Document and Node Embeddings¶
As a last part of the analysis we wanted to test if it was possible to create a meaningful vector representation of our data in a vector space. To do so we used two techniques - node2vec and doc2vec to model different aspects of the data. While they are similar to other methods we’ve used in the sense that they can help us understand patterns and relations in the data, they have the benefit of very easily being converted to a low dimensional space where one can calculate the similarities between units of analysis using for example the cosine or euclidean distance. The rest of this page is structured as follows: first, we compute the document embeddings and give a brief explanation of the method. Next, we do the same for node embeddings. We finish with visualization using UMAP. However, we think that the best way to interact and understand the embeddings is in tensorboard and we have hosted the data on the following two links below for you to play around with.
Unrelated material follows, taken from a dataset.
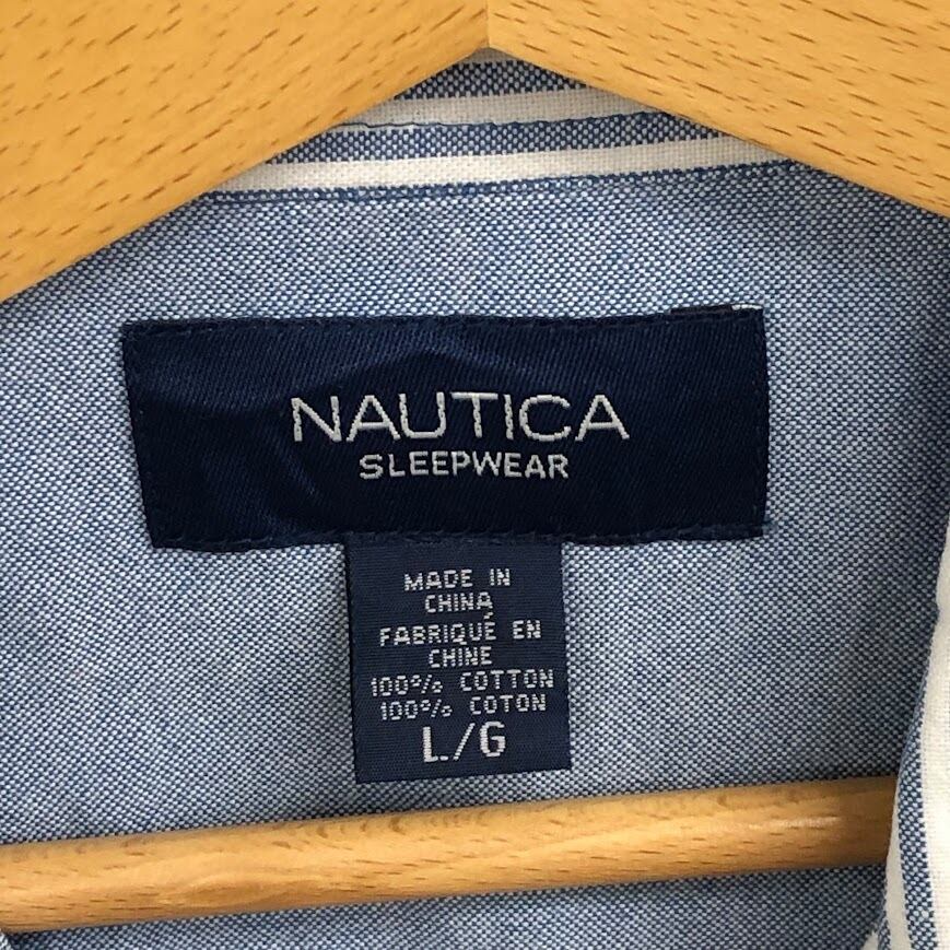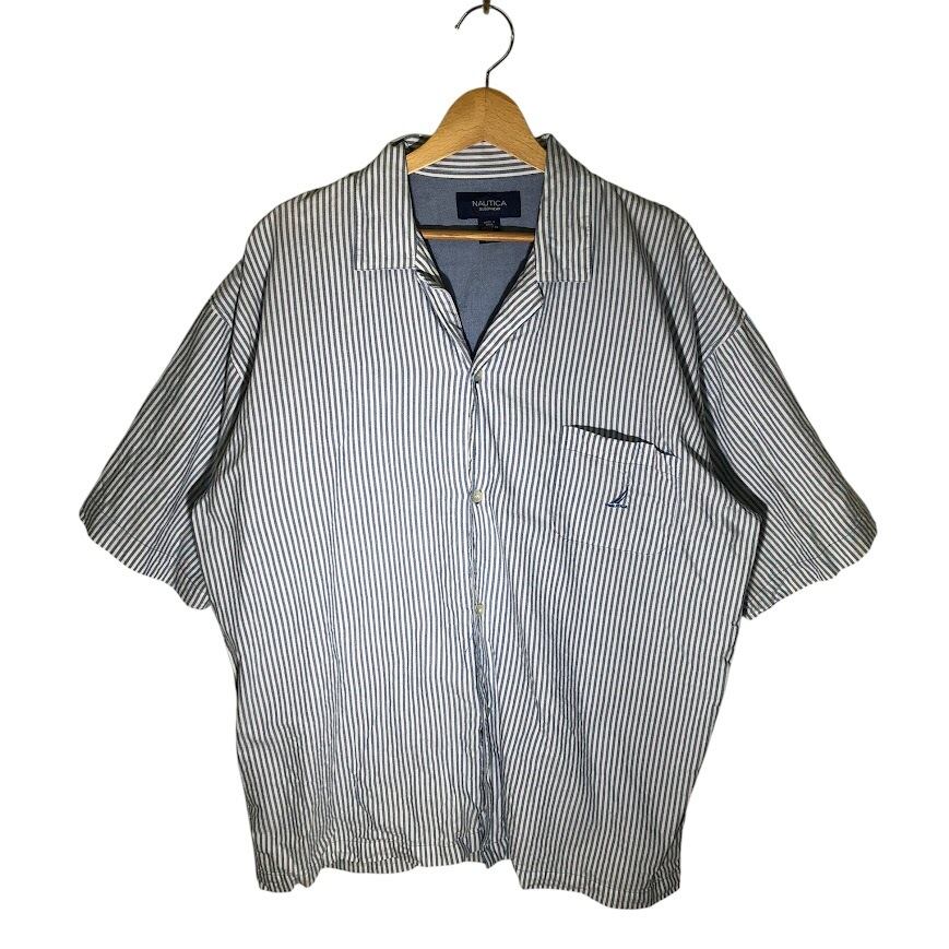 NAUTICA ノーティカ 半袖シャツ ストライプ柄 半袖 シャツ ボタンダウン CHINA製 Lサイズ ブルー ホワイト

We recommend testing both PCA and UMAP for dimensionality reduction.
#Read data and import relevant modules
from gensim.models.doc2vec import Doc2Vec
from collections import namedtuple
from node2vec import Node2Vec
import networkx as nx
import numpy as np
import umap
import umap.plot
from bokeh.plotting import show
import random
import pandas as pd
data = pd.read_pickle('Final_df.pickle')
edge_list = pd.read_pickle('Final_edge_list.pickle')
node_attributes = pd.read_pickle('Final_node_attr.pickle')
name_mapping = {'political_science':'POLISCY', 'economics':'ECON',
'anthropology':'ANTHRO', 'psychology':'PSY', 'sociology':'SOC'}
data['title_dic'] = data[['title', 'parent']].apply(lambda row: f"{row['title']}_{name_mapping[row['parent']]}", axis=1)
Document Embeddings¶
Document embeddings is an extension of word2vec which allows us to estimate a vectorial representation of documents using shallow neural networks [Le and Mikolov, 2014, Mikolov et al., 2013]. In our case the documents are represented by the Wikipedia articles corresponding to the social science disciplines. The task of the network is to predict a word \(w_t\) based on a defined amount of surrounding words \(w_{t-\Delta}\) and \(w_{t+\Delta}\) called the context, where \(\Delta\) is the symmetric size of the context window. While this task is not necessarily very interesting in itself, it encourages the hidden layer to learn a numerical representation of the words that takes context into account. By also appending an indicator variable \(x\) to each Wikipedia page we simultaneously learn the representation of documents in the same latent vector space. In a paper by :citep:`rheault2020word` for example, they showed that one can extract high-quality representations of the ideology of politicians and parties using a parliamentary corpora that can also be used for a variety of downstream tasks. Borrowing :citep:`rheault2020word` figure we display the network architecture below.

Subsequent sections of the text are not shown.